Definition
Eine spezielle Bell-Ungleichung für zwei Parteien, die jeweils zwischen zwei binären Messungen wählen. Mit Erwartungswerten E_{xy} für Einstellungen x,y ∈ {0,1} definiert man die CHSH-Kombination S=E_{00}+E_{01}+E_{10}-E_{11}, die für jedes lokale verborgene Variablenmodell S ≤ 2 erfüllt, während die Quantenmechanik bis zu S = 2√2 (Tsirelson-Grenze) zulässt.

Prinzip

Prinzip
Linearkombinationen von gemeinsamen Erwartungswerten, die aus Lokalität und Ergebnisdeterminismus folgen, so zusammenstellen, dass eine experimentell prüfbare Schranke entsteht; den gemessenen S mit der klassischen Grenze vergleichen, um Nichtlokalität zu beurteilen.

Demonstration

Demonstration
Bereiten Sie den zweiqubitigen Singulettzustand vor und wählen Sie Messachsen bei Winkeln, die CHSH optimal verletzen (z.B. 0°, 45° für eine Partei und 22,5°, -22,5° für die andere).

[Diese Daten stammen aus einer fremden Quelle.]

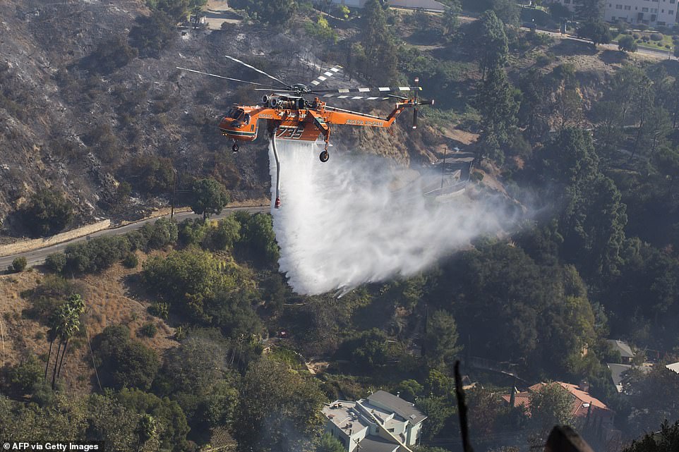 Around 1,100 firefighters headed to Los Angeles County to fight the fires overnight, desperately spraying the Brentwood area.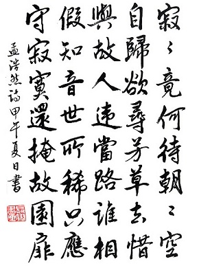 孟浩然(689~740),唐代诗人。本名浩,字浩然。襄州襄阳人(今湖北襄阳人),世称孟襄阳。因他未曾入仕,又被称为孟山人。早年有志用世,在仕途困顿、痛苦失望后,尚能自重,不媚俗世,以隐士终身。曾隐居鹿门山,生了六子,著诗二百余首。年四十,游长安,应进士不第。曾在太学赋诗,名动公卿,一座倾服,为之搁笔。后为荆州从事,患疽卒。曾游历东南各地。诗与另一位山水田园诗人王维并称“王孟”。其诗清淡,擅长于写景,多反映山水田园和隐逸、行旅等内容,绝大部分为五言短篇,在艺术上有独特的造诣。有《孟浩然集》三卷,今编诗二卷。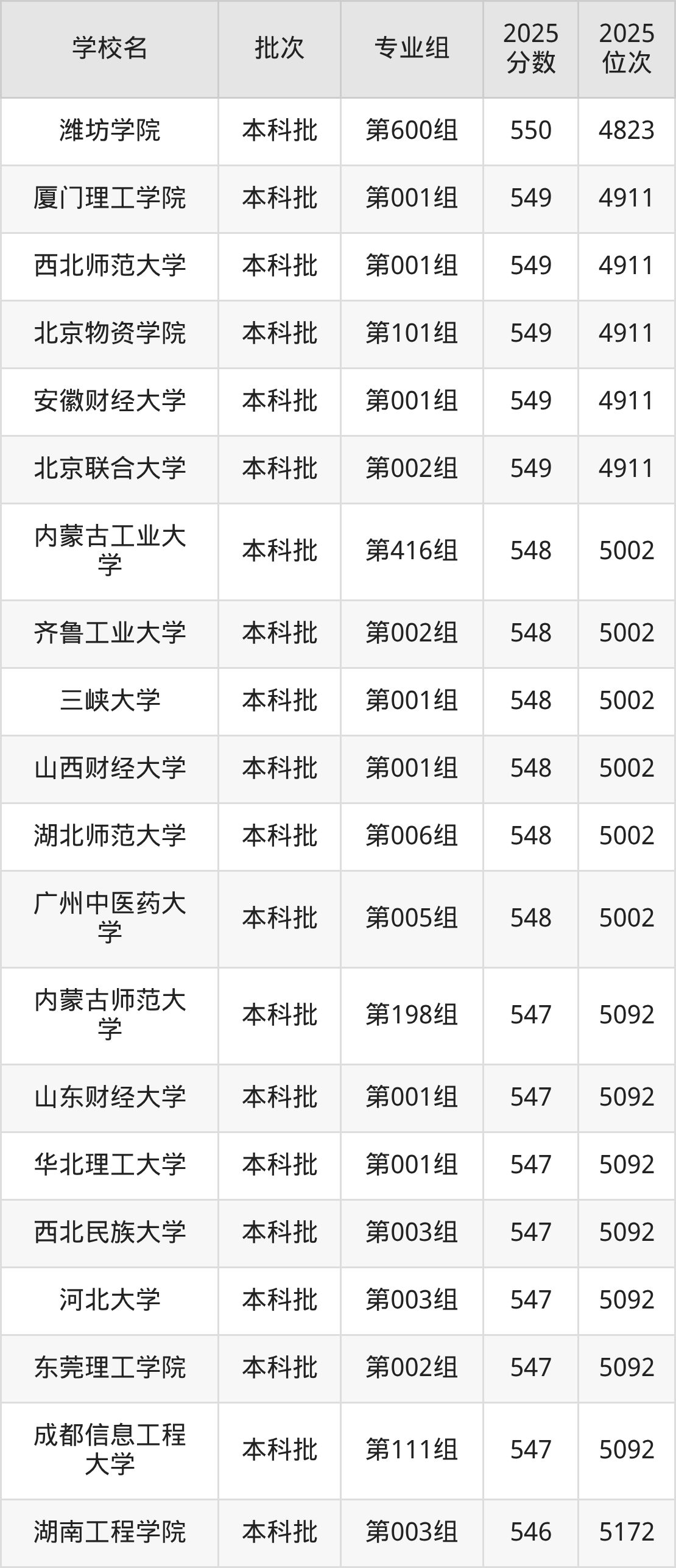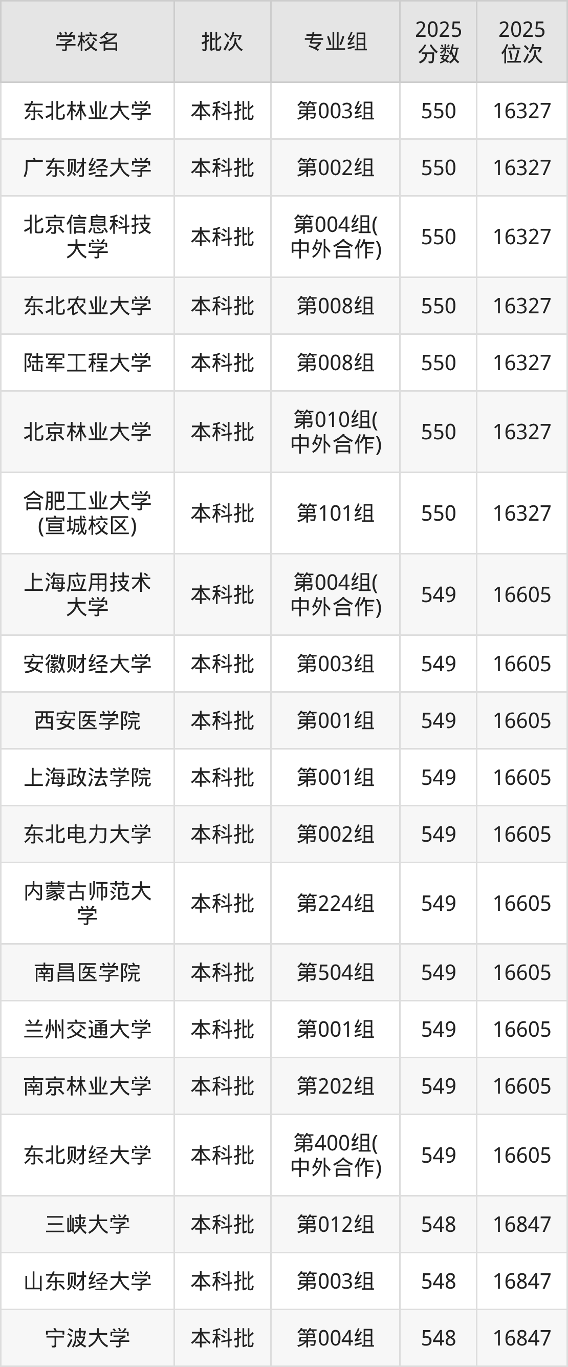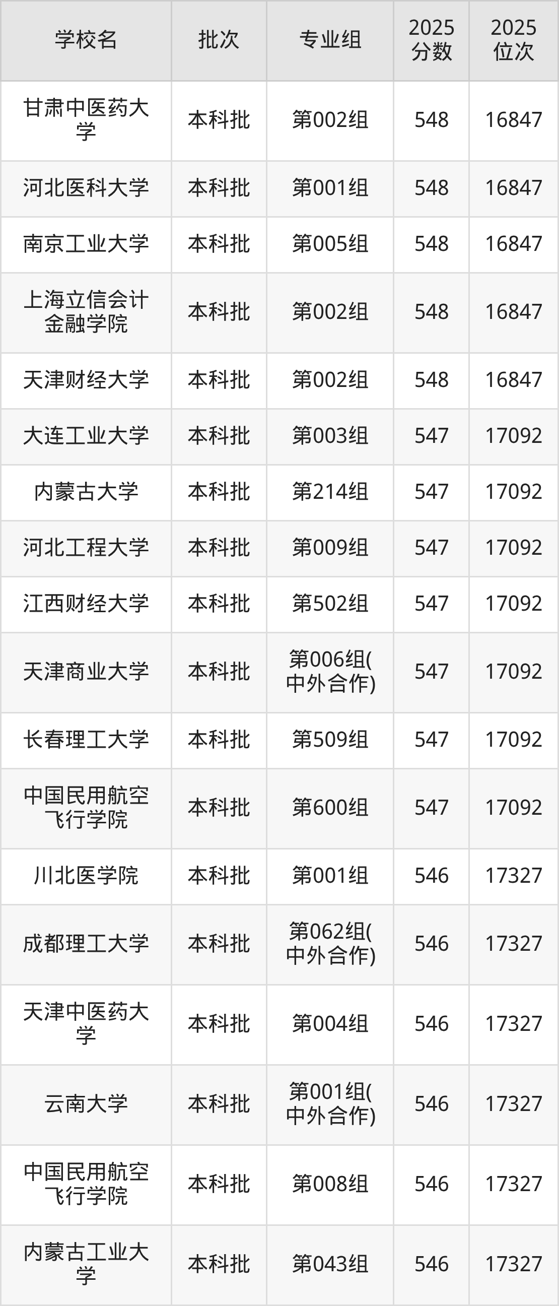 2025年内蒙古高考物理类548分(16606名~16847名)能上的大学有三峡大学第012组、上海立信会计金融学院第002组、南京工业大学第005组、河北医科大学第001组等。

Die gemessenen Korrelationen ergeben S=2√2 und überschreiten damit die klassische Grenze.

Fehlanwendung

Fehlanwendung
CHSH-Verletzung als Beweis für Signalübertragung interpretieren oder experimentelle Schlupflöcher mit echter Nichtlokalität verwechseln. Ebenso falsch ist die Anwendung der CHSH-Ungleichung auf Szenarien mit mehr Ergebnissen oder Einstellungen ohne entsprechende Verallgemeinerung.

Konsequenz

Konsequenz
Eine beobachtete CHSH-Verletzung ist ein klares quantitatives Zeugnis nichtlokaler Korrelationen und kann bei geschlossenen Schlupflöchern in device-independent Zertifizierungen (Zufallserzeugung, Schlüsseldistr.) genutzt werden.

Umkehrung

Umkehrung
Falls das Setup lokal versteckte Variablen erlaubt, gilt S ≤ 2; durch Aufhebung von Lokalität oder Messunabhängigkeit können klassische Modelle diese Schranke überschreiten, während die Quantenmechanik den Bereich bis zur Tsirelson-Grenze erweitert.

Abgrenzung

Abgrenzung
Die CHSH-Ungleichung gilt für zwei Parteien mit je zwei binären Messungen und setzt Messunabhängigkeit, keine überlichtschnelle Signalübertragung (Lokalität) und faire Stichproben oder Schlupflochschließung voraus. Sie ist nicht direkt auf multipartite oder höhere Ausgabeszenarien übertragbar ohne Anpassung.

Semantische Spannung

Semantische Spannung
Spannung zwischen CHSH als einfachem, robustem Nichtlokalitätstest und komplexeren Ungleichungen (GHZ, multipartite Bell-Ungleichungen), die andere Aspekte nichtklassischer Korrelationen untersuchen; CHSH ist minimal, deckt aber nicht alle Nichtlokalitätsverhalten ab.

Synthese

Synthese
Die CHSH-Ungleichung ist der prototypische bipartite Zwei-Einstellung-Zwei-Ergebnis-Test: eine kompakte lineare Schranke, deren quantenmechanische Verletzung (bis 2√2) ein experimentell zugängliches Zeichen nichtlokaler Korrelationen darstellt und vielen device-independent Protokollen zugrunde liegt.